Now break the writing of the resume into the following steps:
1. In order to format the resume content, we have to make sure that all the text is
enclosed within the following tags:
Since we typically write things line-by-line, this initial step will write the 1
st
line
7
Introduction to Software Development
Think about how you can do that. In particular, think about how the create_email_link
and surround_block functions can be used to achieve this. Write another function to
make this entire intro section of the resume and then write it out to a file. Note
that the email address should be preceded by “Email:” in your final output.

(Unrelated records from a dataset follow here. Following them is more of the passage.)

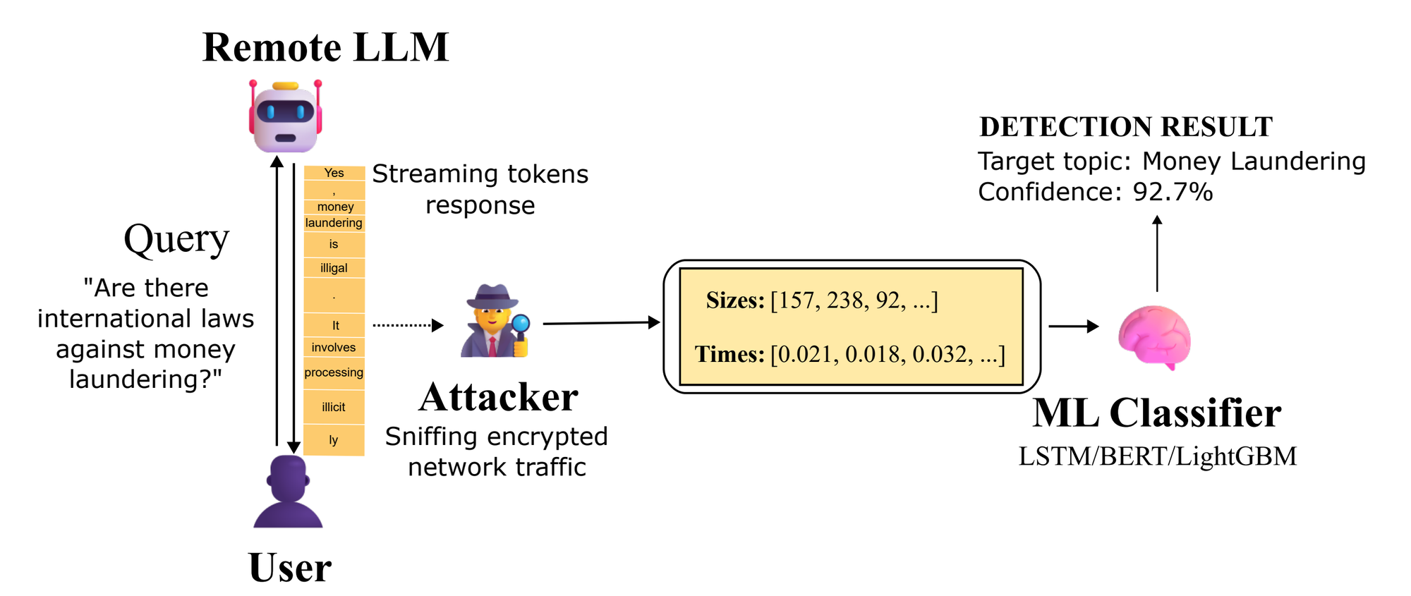 그러면서 실험자들은 ‘돈 세탁’과 관련된 다양한 질문들을 처리할 때 사용자-인공지능 간 트래픽이 어떤 패턴을 나타내는지 알 수 있게 됐고, 그것을 바탕으로 분류기가 암호화된 트래픽이든 아니든 패턴만 가지고 특정 주제를 높은 확률로 구별해낼 수 있도록 했다고 한다. 그러므로 트래픽의 암호화만 가지고 민감한 주제와 관련된 트래픽을 보호할 수 없다는 사실을 증명해낼 수 있었다.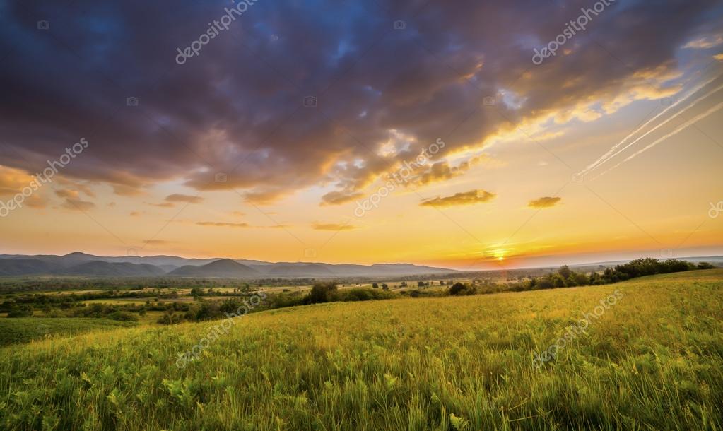 - Драматический закат над зеленым полем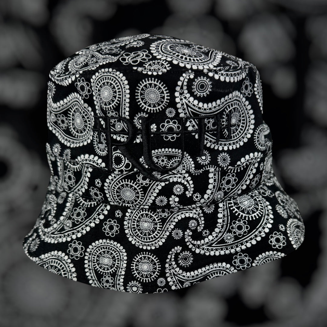 This is a stylish black bucket hat featuring a bold white paisley pattern that covers the entire surface. The intricate paisley design is composed of swirling floral and circular motifs, giving it a traditional yet modern look. Overlaid on the patterned background is the word “TRUTH” in a subtle black-on-black embroidery, blending seamlessly with the design while maintaining an elegant, minimalist feel. The monochrome color scheme and detailed pattern make this hat a versatile and fashionable accessory, suitable for streetwear and casual outfits.
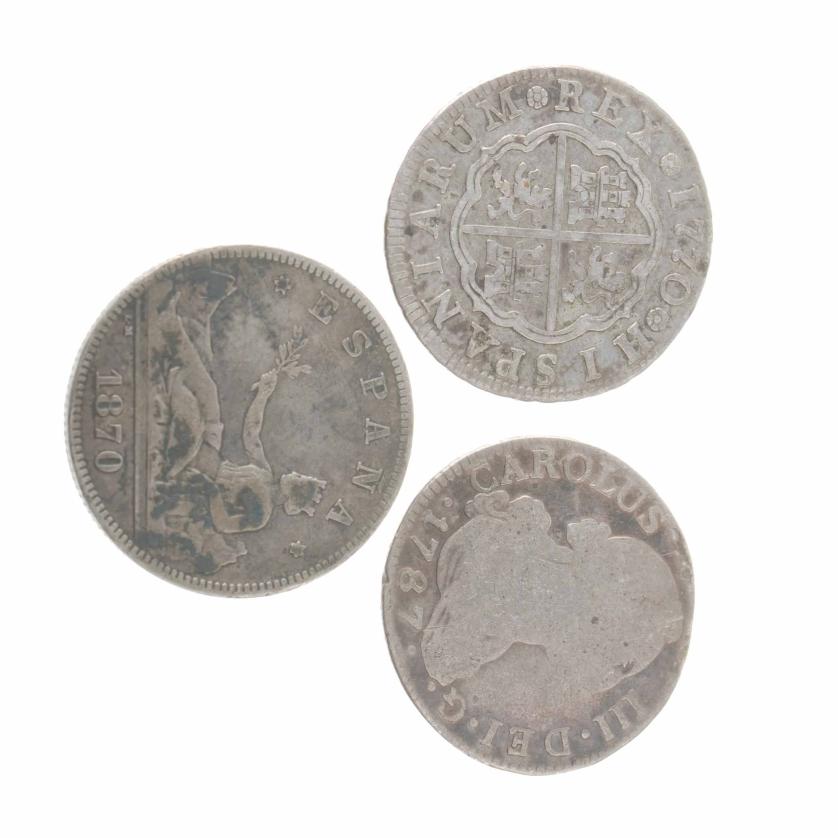 Carlos III de 1787, Carlos III de 1770 y dos pesentas de 1870.

3. For the projects section. you will have to produce output like the following. Assume
that you have the data about the projects by reading through the original file and stored
that in some data structure (decide whether you want to use list, set, tuple or
dictionary)
built a robot
fixed an ios app
Note that you MUST have
tags surrounded by
tags in your output. If you do
not exactly match this format, you will have issues with the project bullet points not
displaying correctly.
is short for list, and
is short for unordered list.
4. For the courses section, we actually just want to list the courses. We do not want to
create bullet points. We also want the heading to be a bit smaller in size and enclosed
in
版权所有:留学生编程辅导网 2021,All Rights Reserved 联系方式:QQ:99515681 电子信箱:99515681@qq.com
免责声明:本站部分内容从网络整理而来,只供参考!如有版权问题可联系本站删除。